Is Cadence Or Resistance More Important During A Cycling Workout?

Your favorite indoor cycling instructor might call out a certain cadence during a workout, but you can't pedal that fast because the dial is way too high. Which do you choose — dialing the resistance down to allow you to pedal faster, or keep mashing the pedals to feel that great burn in your legs?

Because your cycling cadence, also known as rpm, and resistance work in tandem with one another, you'll want to focus on proper cadence first, then increase resistance (via Peloton). This is because a higher cadence gets your heart pumping and increases its capacity to hold more blood. That's more blood that gets shuttled to your working legs. And when your leg muscles build more energy, they produce mitochondria, which means you can sustain longer workouts and burn more calories.

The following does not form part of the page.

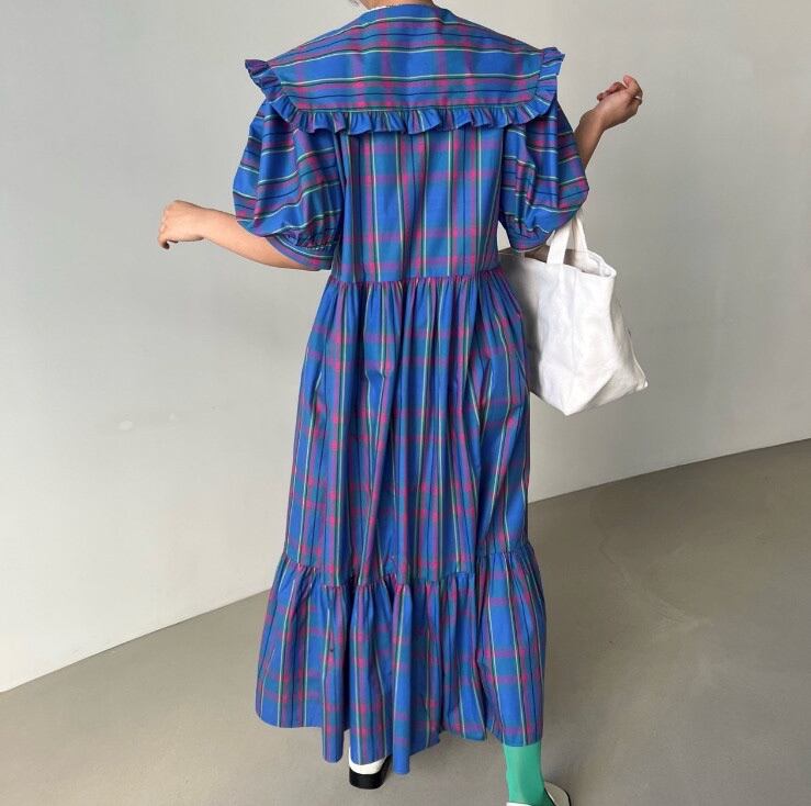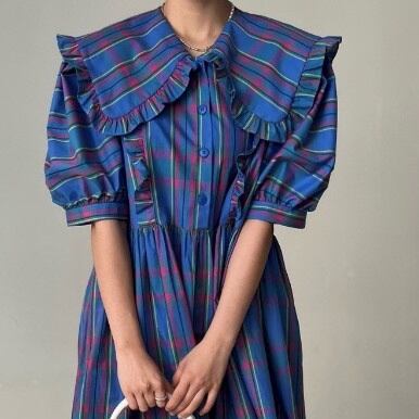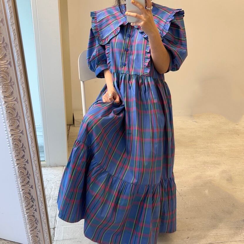 Large collar check dress 2-463

However, your cycling cadence shouldn't have you bouncing around the saddle, so you'll need to put enough resistance on the pedals to keep you from bouncing (via Cycling Weekly).

What cadence is ideal for cycling?

Turns out, the ultimate cadence suited for cycling all depends on your body type and level of cycling fitness, according to Bicycling. People who are more muscular might be fine mashing the pedals to get more force out of their workout, but leaner or less muscular people should opt for a higher cadence. If you're a beginning cyclist, you'll begin at a lower cadence and work to move the pedals faster. Beginning cyclists with a lot of muscle should aim for the 75 to 85 rpm range. Experienced cyclists usually ride at 95 rpm or faster. If you ride outdoors, your rpm will be a little slower than indoors (via Cycling Weekly).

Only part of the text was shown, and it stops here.